Audi of America realizes that the 2008 Audi RS4 Cabriolet will appeal to a limited audience. But it's in the lineup now because there are always those who want to be seen in the most exclusive model, even if it means trading a portion of the go for a bit of extra show. You probably won't ever see one on the showroom floor, however, since a special order is necessary.

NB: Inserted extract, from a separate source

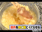 あらかじめ下味を付けた鶏肉を「卵ごはん」にくぐらせます。 後は普通に粉をまぶすだけ!これだけでサクサクになります! その理由は2つで、鶏肉から出る油を卵がコーティングして防ぎ、 さらにご飯を上げると中に空洞ができ、サクサクの衣になるのです。
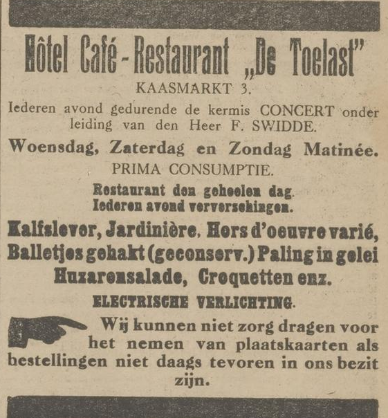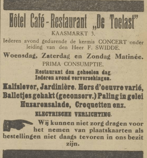 13 augustus 1918 – Hoornsche courant 4 maart 202110 maart 2021 / legêne De Toelast aan de Kaasmarkt pakt flink uit tijdens de kermis. Wel van tevoren bestellen. En onder leiding van Frans Swidde is er elke avond muziek. Home

Meanwhile, Somewhere in France
As our turn at the wheel of the RS4 Cabriolet comes to an end, rain begins to fall and the top goes up. Outside Paris, the roads prove to be smooth and straight as an arrow, with no chance of enjoying what the V8 has to offer.
We're glad to have roared around Paris in the 2008 Audi RS4 Cabriolet with its top down. The City of Lights has been in full view, the 19-inch Michelin rubber lightly chirped on the cobbles and the engine provided a suitably fierce soundtrack.
Are you ready to film a sequel to Rendezvous, Monsieur Lelouch? We've got the car for you, and no lip-synching will be necessary. You'll need a bigger budget, though.